Task to complete: The lines from the one holding "Let me backtrack" through the end of the records below are to be written out exactly, and nothing else; pictures are to be left out.

*** Opening Data section ***

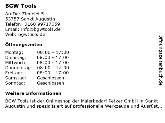 | Öffnungszeiten BGW Tools in Sankt Augustin anzeigen | |
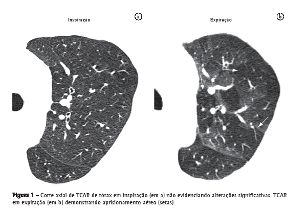 O aprisionamento aéreo secundário à obstrução brônquica ou bronquiolar pode produzir focos parenquimatosos de redução da atenuação, que se acentuam nas imagens de TC obtidas em fase expiratória.(8) Na enfermidade obliterativa de pequenas vias aéreas e na afecção vascular oclusiva, as áreas com atenuação diminuída são as anormais e geralmente contêm vasos pulmonares em número e tamanho menor que o pulmão normal adjacente, que pode ter atenuação normal ou aumentada (por causa do redirecionamento do fluxo sanguíneo). O padrão de atenuação em mosaico pode também ser produzido por doença pulmonar parenquimatosa, caracterizada por opacidade em vidro fosco, sendo que nessa condição as áreas de maior atenuação representam as regiões acometidas, e as outras zonas
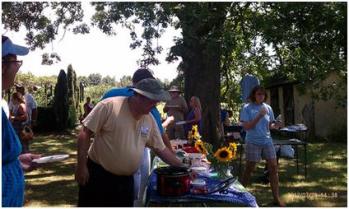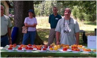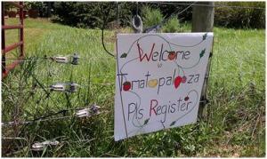 Let me backtrack and tell you of Tomatopalooza 2012. A sign appeared on the country road which pointed to Tomatopalooza. I turned down a winding sandy dirt road (grass in the middle) and shortly turned into a newly mown field where about twenty cars were already parked. I pulled up as near to the entrance as I could and as I stepped out the muggy heat hit me about the time my sandaled feet stepped into the field. I eyed my feet hoping that there were no snakes that had returned to their home after the field had been mowed.
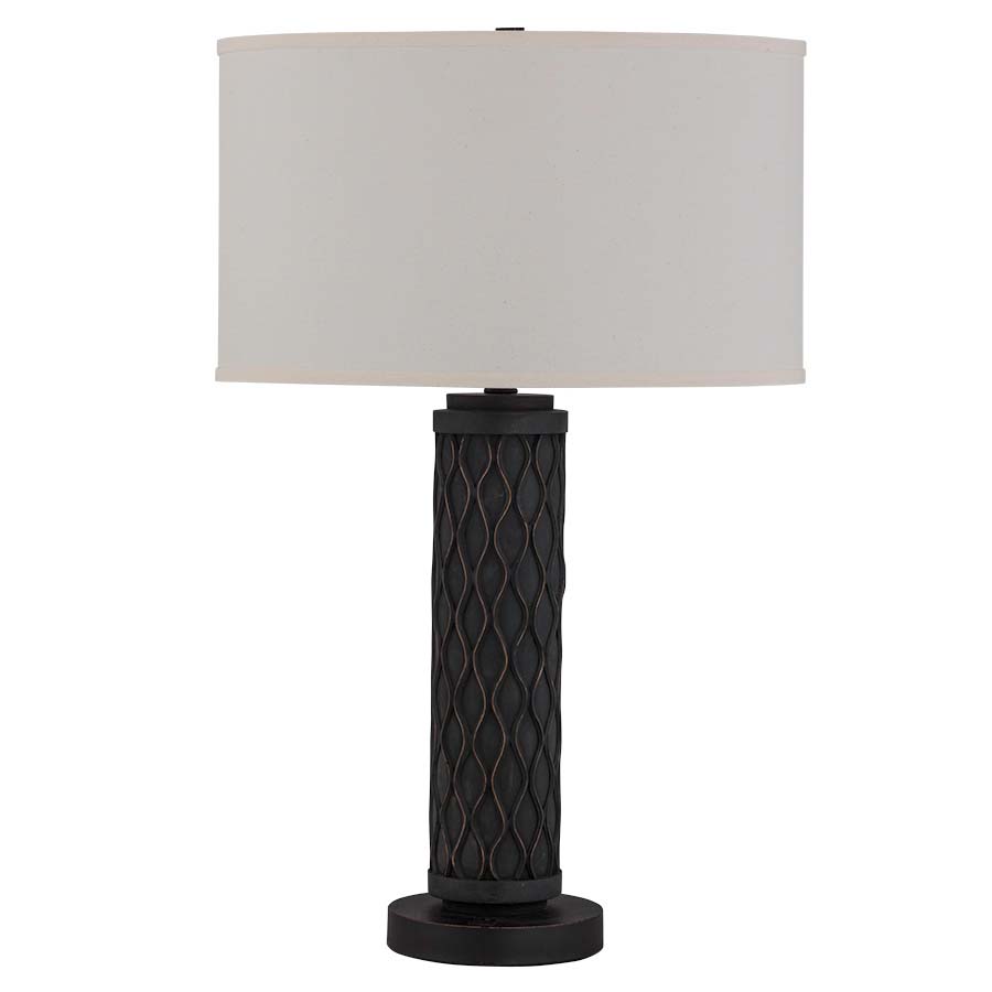 31.5"H Portland Bronze Table Lamp, dual medium base socket, dual on/off rocker base switch, 8' Silver 45° cord, 11"x19"x11"x19"x11" Oval Natural Linen Hardback Shade. Recommend two 1100 lumen LED bulbs.
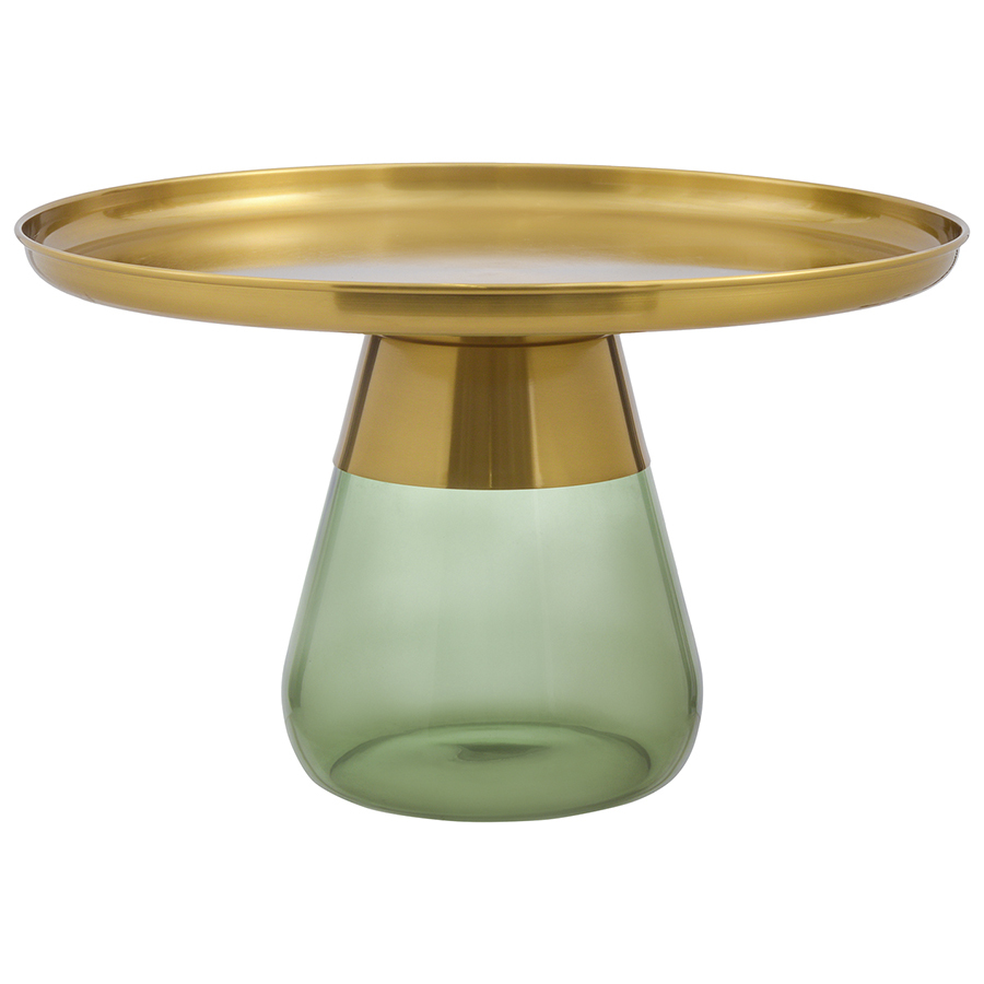 Материал: столешница – сталь, основание – закаленное стекло. Максимальная нагрузка - 10 кг. Диаметр: 70,5 см. Высота: 43 см. Цвет: латунь/зеленый.

*** Closing Data section ***

Expected output:
 Let me backtrack and tell you of Tomatopalooza 2012. A sign appeared on the country road which pointed to Tomatopalooza. I turned down a winding sandy dirt road (grass in the middle) and shortly turned into a newly mown field where about twenty cars were already parked. I pulled up as near to the entrance as I could and as I stepped out the muggy heat hit me about the time my sandaled feet stepped into the field. I eyed my feet hoping that there were no snakes that had returned to their home after the field had been mowed.
 31.5"H Portland Bronze Table Lamp, dual medium base socket, dual on/off rocker base switch, 8' Silver 45° cord, 11"x19"x11"x19"x11" Oval Natural Linen Hardback Shade. Recommend two 1100 lumen LED bulbs.
 Материал: столешница – сталь, основание – закаленное стекло. Максимальная нагрузка - 10 кг. Диаметр: 70,5 см. Высота: 43 см. Цвет: латунь/зеленый.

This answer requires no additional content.